ACTION ITEM: Starting at the line below that contains "A beveled platform" and ending at the line that contains "Piscina scoperta nella", retype each line exactly as it stands, but omit the pictures.
BEGIN MATERIAL SUPPLIED
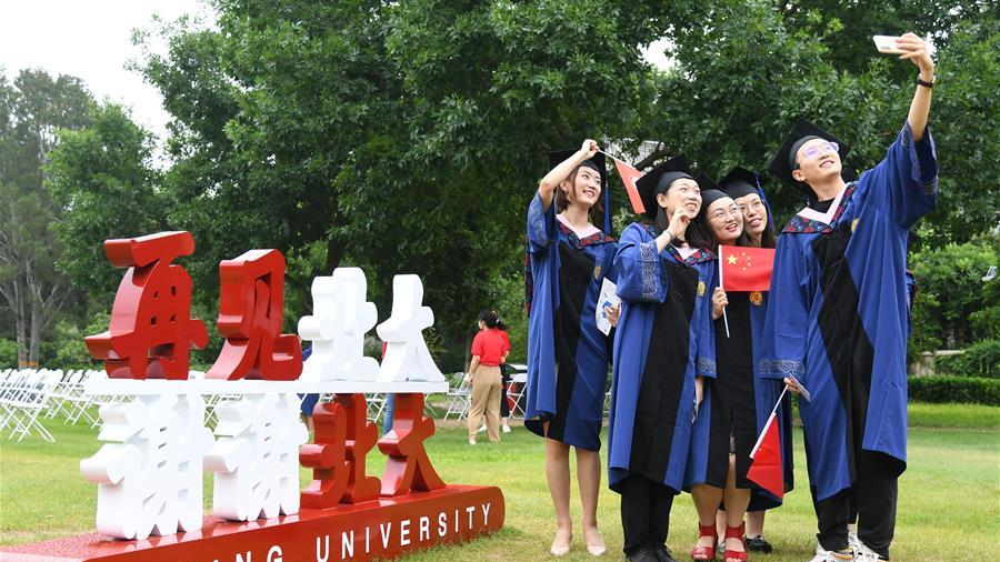 7月2日拍攝的北京大學2020年畢業(yè)典禮辦公樓西側廣場會場。
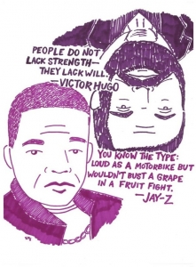 Ilustrações aproximam rappers e escritores do século 19 com citações parecidas
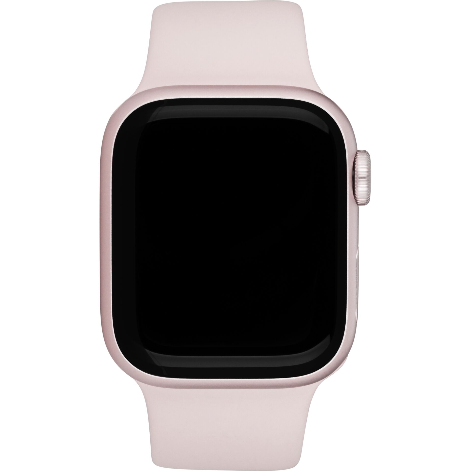 Die Apple Watch Series 9 hat ein Gehäuse aus Aluminium, das leicht, robust und korrosionsbeständig ist. Das Gehäuse hat eine Größe von 45 mm und passt zu jedem Handgelenk. Das Sportarmband ist aus Flouroelastomer gefertigt, das weich, bequem und wasserfest ist. Das Armband hat eine Farbe von Rosé, die zu jedem Outfit passt.
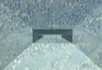 A beveled platform carrying a satellite view of the earth slides in from the left. The box tilts and locks in place straight along our line of sight. Facet lines are visible on the surface of the earth-picture, and a slit opens in center as the entire surface approaches us, inviting us down for barbecue, probably preceded by a shave and a skinning.
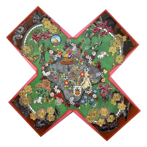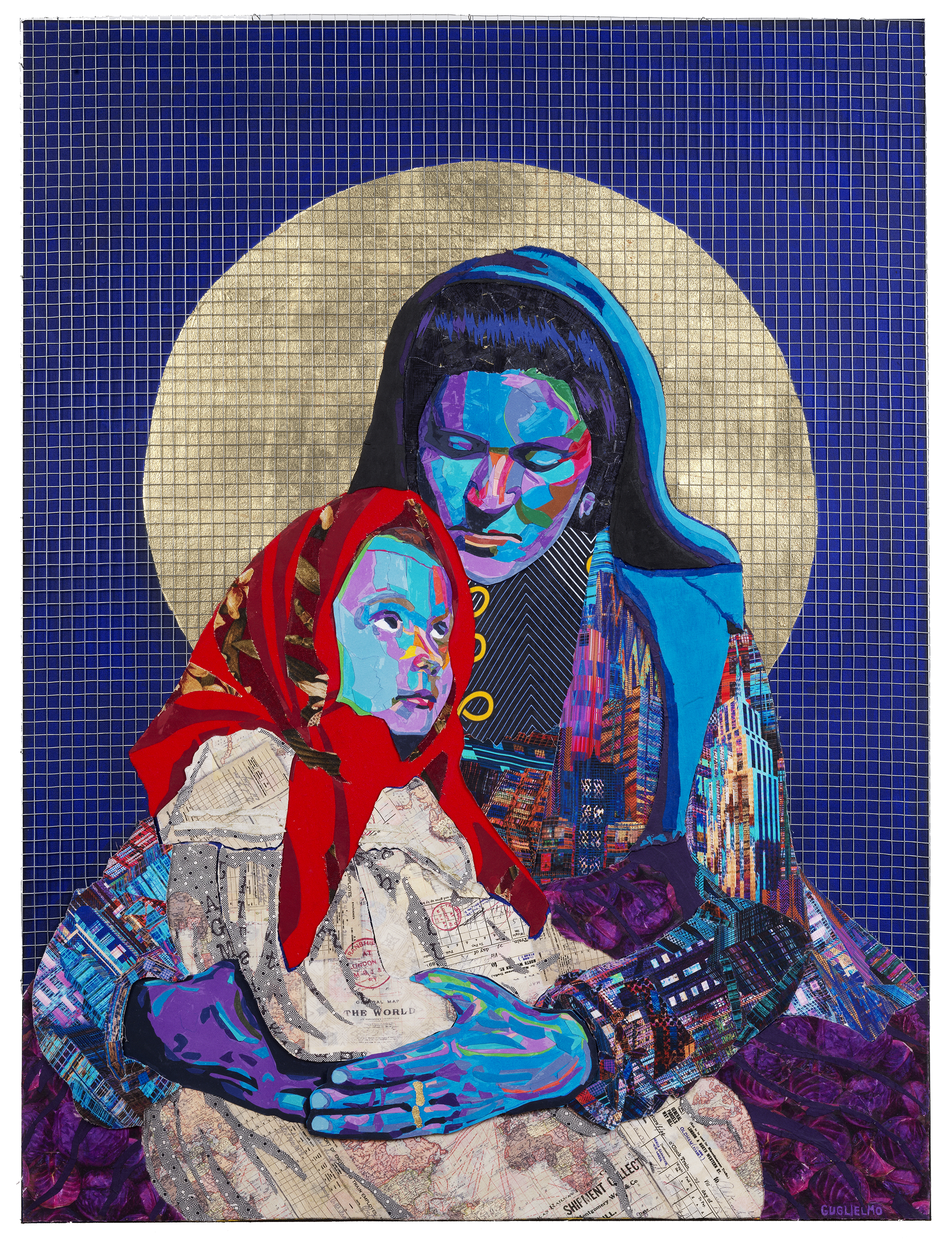 Expanding on my series in Cuba and Sicily, my current project examines the mounting costs Italian immigrants and their offspring have paid to access whiteness and “succeed” in America, drawing on James Baldwin’s piercing commentaries on race. Overlapping, fragmented surfaces mimic the shifting identities Southern Italians have embodied since arriving in the United States as expendable labor, from demonized dark-skinned “other” to violent defenders of whiteness, and everything in-between. Using bright, intense color, gold leaf, cut-up paper, rich fabric, oil, and acrylic paint, I excavate the essence of a disappearing culture, still virtually invisible in fine art, to map our transformation and reveal the underlying systems, factors, decisions, and events that led to its demise.
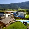 Piscina scoperta nella zona sportiva di Brunico, con una vasca olimpionica da 50 metri, vasca per bambini, grande prato e un ristorante con grandeterrazza...
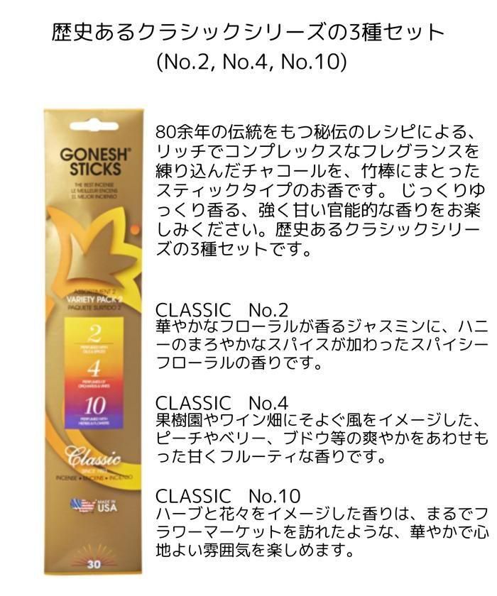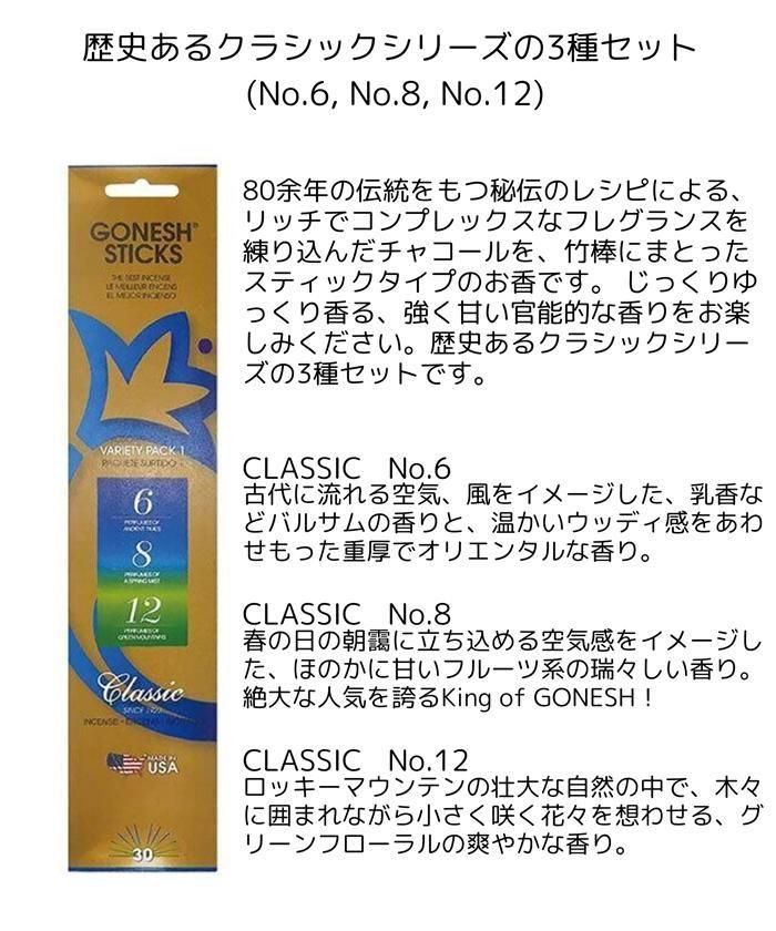 90年の伝統をもつ秘伝のレシピによる、リッチでコンプレックスなフレグランスが練り込まれたチャコールを使用してます。じっくるゆっくり立ち上がる、強く甘い官能的な香りをお楽しみください。Classicは1965年のGONESHのデビュー以来続くシリーズ。
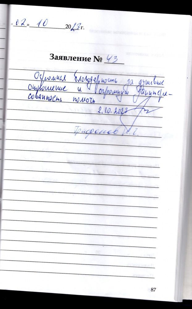 Огромная благодарность за душевное отношение и огромную заинтересованность помочь.
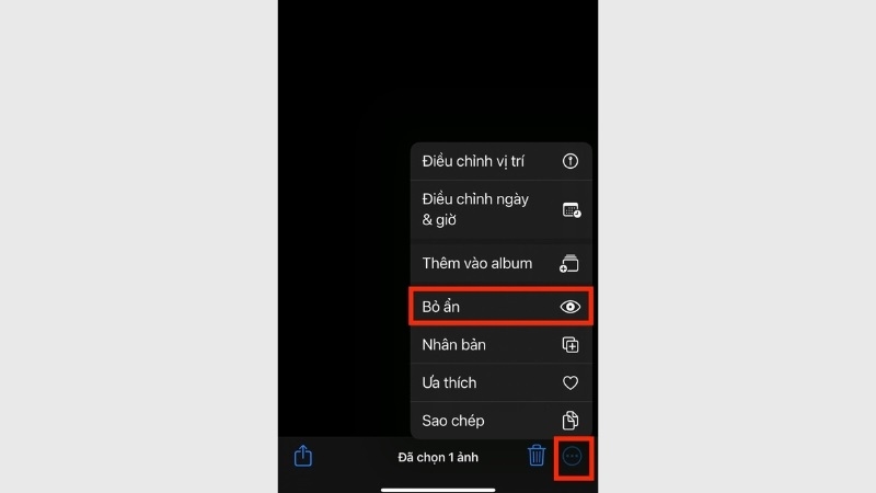 Bước 3: Chọn Ẩn > Xác nhận Ẩn ảnh
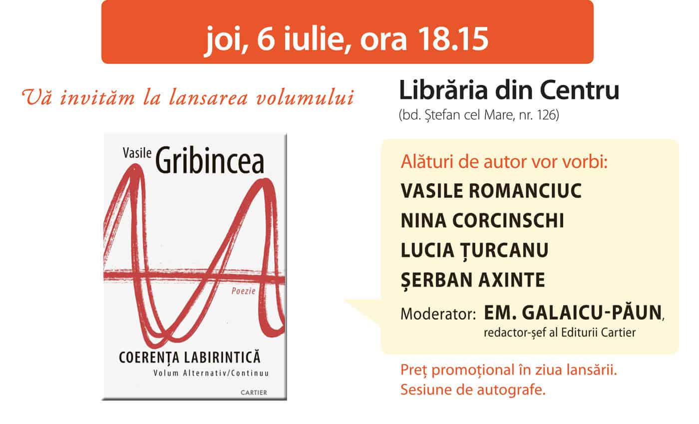Vezi mai mult 6 iulie Coerența labirintică, de Vasile Gribincea, la Librăria din Centru bd.Ștefan cel Mare și Sfânt, nr. 126 Chișinău, 2060 Moldova, Republic of 18:15 - 19:30
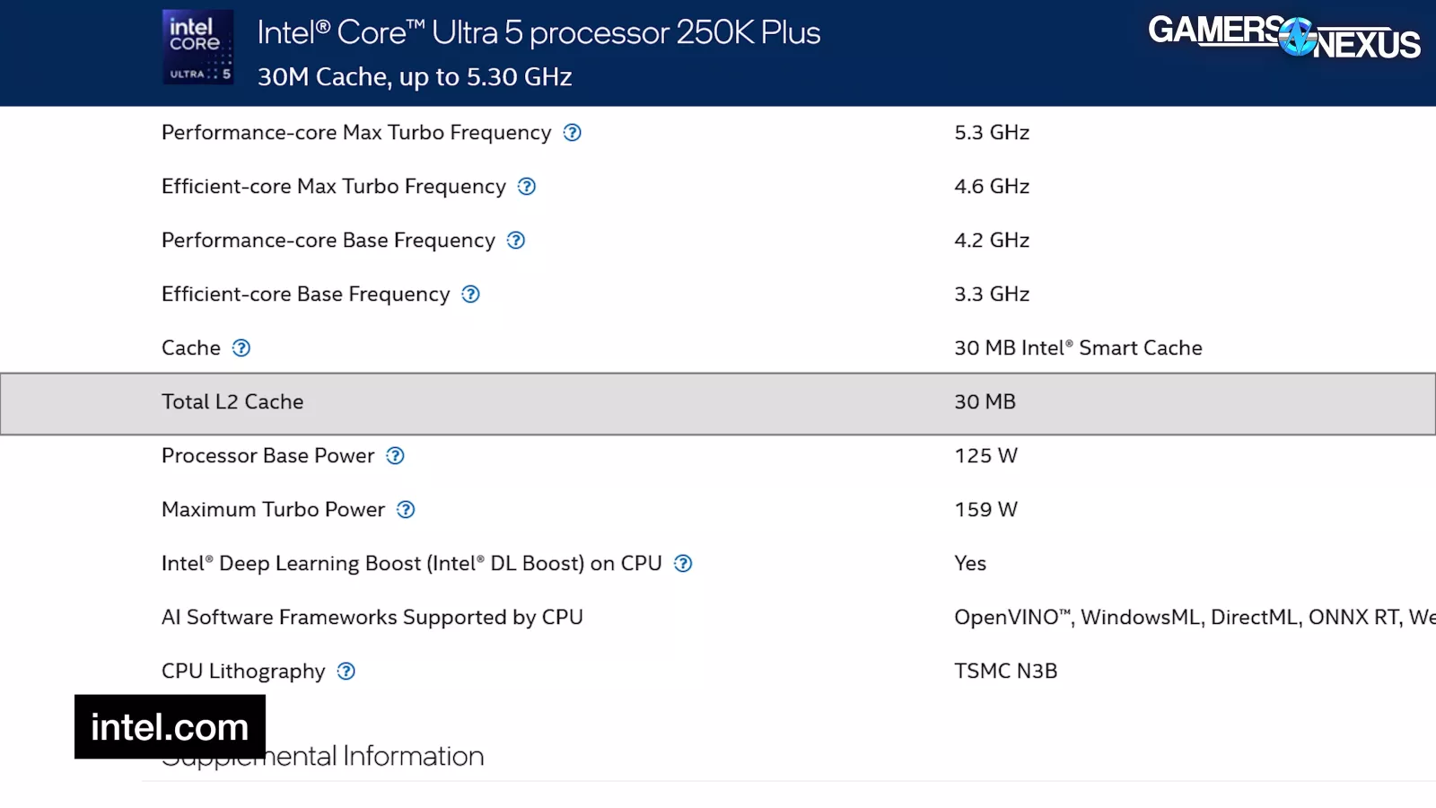This is a reconfiguration of the spec itself, so the 250K Plus is not an exact replacement for the 245K. The core count change means it’s not only a frequency bump. The 245K is on 26 MB of L2. While the 250KP is no X3D, it should still have an outsized impact on performance against the older 245K with its larger cache.
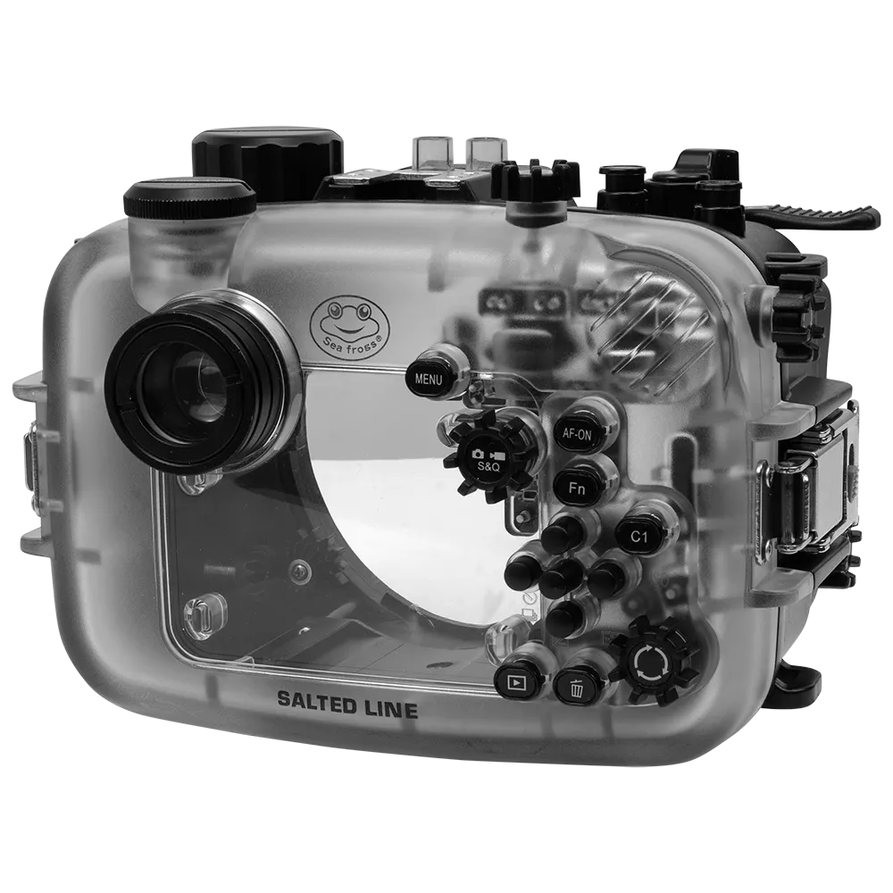 This housing provides full control of all camera functions (excluding the touchscreen) and is equipped with a standard bayonet mount with a 90mm diameter, compatible with a wide range of Sea Frogs dry flat and dome ports (except those made for A6xxx and RX1xx camera housings).
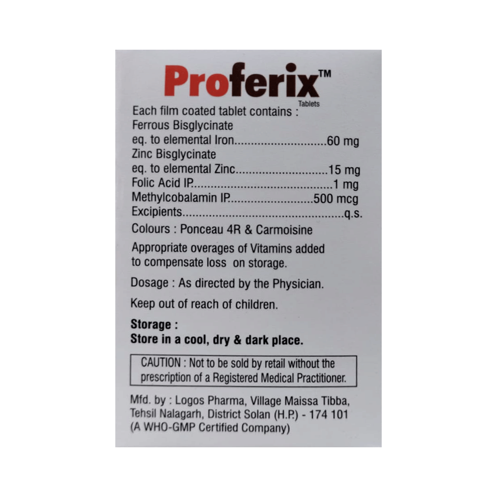 Proferix Tablet is a combination of vitamins and minerals. Iron replenishes the iron stores in the body and corrects iron deficiency anemia. Zinc is needed for the body's immune system to work properly. It plays a role in growth, wound healing, and maintaining gut health. Zinc is also needed for the senses of taste and smell. Folic acid is essential for production of red blood cells. It prevents and treats folate deficiency and anemia. When taken by pregnant women, Folic acid prevents miscarriage, preterm labor, and neural tube defects in infants. Vitamin B12 corrects vitamin B12 deficiency thereby helping in treating certain anemias and nerve problems.
END MATERIAL SUPPLIED
RESPONSE:
 A beveled platform carrying a satellite view of the earth slides in from the left. The box tilts and locks in place straight along our line of sight. Facet lines are visible on the surface of the earth-picture, and a slit opens in center as the entire surface approaches us, inviting us down for barbecue, probably preceded by a shave and a skinning.
 Expanding on my series in Cuba and Sicily, my current project examines the mounting costs Italian immigrants and their offspring have paid to access whiteness and “succeed” in America, drawing on James Baldwin’s piercing commentaries on race. Overlapping, fragmented surfaces mimic the shifting identities Southern Italians have embodied since arriving in the United States as expendable labor, from demonized dark-skinned “other” to violent defenders of whiteness, and everything in-between. Using bright, intense color, gold leaf, cut-up paper, rich fabric, oil, and acrylic paint, I excavate the essence of a disappearing culture, still virtually invisible in fine art, to map our transformation and reveal the underlying systems, factors, decisions, and events that led to its demise.
 Piscina scoperta nella zona sportiva di Brunico, con una vasca olimpionica da 50 metri, vasca per bambini, grande prato e un ristorante con grandeterrazza...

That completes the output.